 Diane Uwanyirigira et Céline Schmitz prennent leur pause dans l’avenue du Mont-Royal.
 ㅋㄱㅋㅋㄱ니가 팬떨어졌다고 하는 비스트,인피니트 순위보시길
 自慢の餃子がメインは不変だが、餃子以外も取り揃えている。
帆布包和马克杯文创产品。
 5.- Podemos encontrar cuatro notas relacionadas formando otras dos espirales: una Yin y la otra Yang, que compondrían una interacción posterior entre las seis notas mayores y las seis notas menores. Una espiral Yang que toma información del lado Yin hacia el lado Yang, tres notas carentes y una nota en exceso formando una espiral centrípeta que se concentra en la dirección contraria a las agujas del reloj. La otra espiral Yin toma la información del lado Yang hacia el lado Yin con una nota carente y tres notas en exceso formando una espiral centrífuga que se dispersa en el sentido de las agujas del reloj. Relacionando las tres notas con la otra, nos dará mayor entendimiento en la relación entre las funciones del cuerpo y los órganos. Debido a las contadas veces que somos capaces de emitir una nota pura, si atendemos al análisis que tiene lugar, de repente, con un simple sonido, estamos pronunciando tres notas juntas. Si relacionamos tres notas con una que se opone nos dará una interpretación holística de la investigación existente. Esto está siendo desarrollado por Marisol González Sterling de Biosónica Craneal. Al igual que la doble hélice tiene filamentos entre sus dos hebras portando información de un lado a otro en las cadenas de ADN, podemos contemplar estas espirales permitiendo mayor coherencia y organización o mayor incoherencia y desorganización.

○ ○ ○

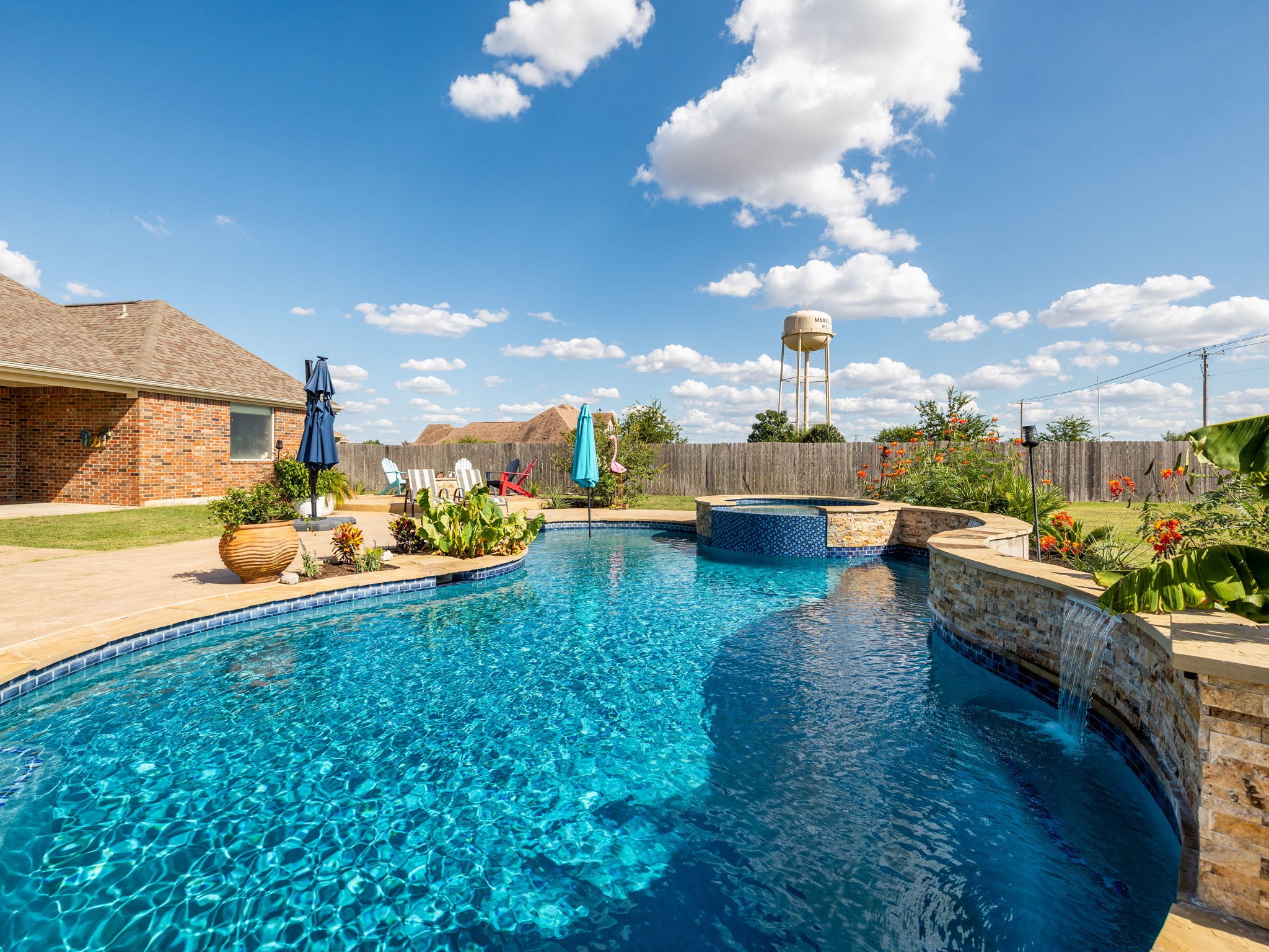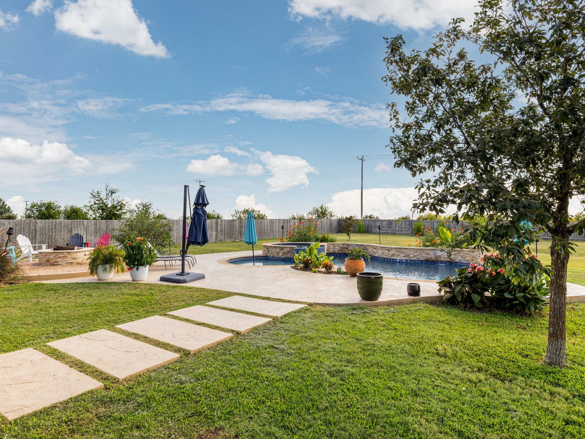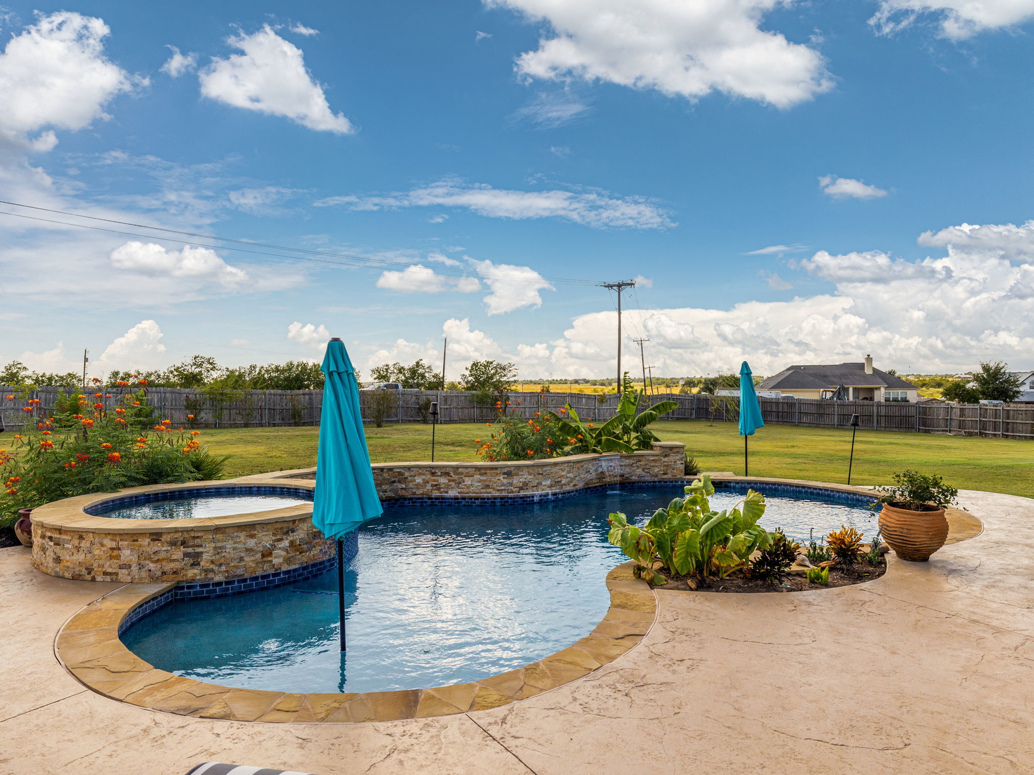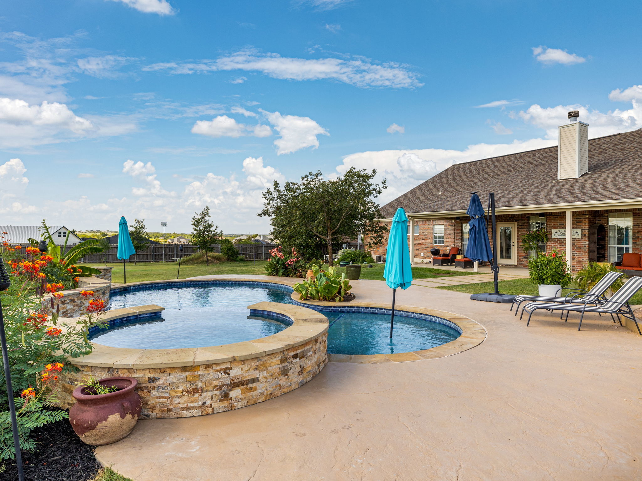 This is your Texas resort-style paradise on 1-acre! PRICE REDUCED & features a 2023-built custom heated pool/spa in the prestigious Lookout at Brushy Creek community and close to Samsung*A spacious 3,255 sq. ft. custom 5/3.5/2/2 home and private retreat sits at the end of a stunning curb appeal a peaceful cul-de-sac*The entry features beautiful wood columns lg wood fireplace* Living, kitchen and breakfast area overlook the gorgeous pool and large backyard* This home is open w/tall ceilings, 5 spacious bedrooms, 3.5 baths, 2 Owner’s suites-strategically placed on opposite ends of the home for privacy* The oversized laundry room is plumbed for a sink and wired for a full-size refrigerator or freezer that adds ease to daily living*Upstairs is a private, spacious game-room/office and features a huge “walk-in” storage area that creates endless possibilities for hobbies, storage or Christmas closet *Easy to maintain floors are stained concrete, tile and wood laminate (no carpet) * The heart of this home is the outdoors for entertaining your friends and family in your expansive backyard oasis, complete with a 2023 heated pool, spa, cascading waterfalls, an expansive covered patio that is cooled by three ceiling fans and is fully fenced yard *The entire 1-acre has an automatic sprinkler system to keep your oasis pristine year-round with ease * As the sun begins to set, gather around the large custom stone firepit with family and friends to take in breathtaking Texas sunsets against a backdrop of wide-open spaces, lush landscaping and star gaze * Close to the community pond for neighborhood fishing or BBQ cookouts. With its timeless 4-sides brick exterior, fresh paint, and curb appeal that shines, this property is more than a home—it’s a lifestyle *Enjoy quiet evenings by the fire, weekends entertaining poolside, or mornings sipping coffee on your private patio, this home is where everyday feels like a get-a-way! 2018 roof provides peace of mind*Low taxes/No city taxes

○ ○ ○

Your assignment:
Restate word for word the entries above, starting at the line with "ㅋㄱㅋㅋㄱ니가 팬떨어졌다고 하는 비스트,인피니트 순위보시길" and ending at the line with "帆布包和马克杯文创产品。", inclusive, and no others.

Response area:
 ㅋㄱㅋㅋㄱ니가 팬떨어졌다고 하는 비스트,인피니트 순위보시길
 自慢の餃子がメインは不変だが、餃子以外も取り揃えている。
帆布包和马克杯文创产品。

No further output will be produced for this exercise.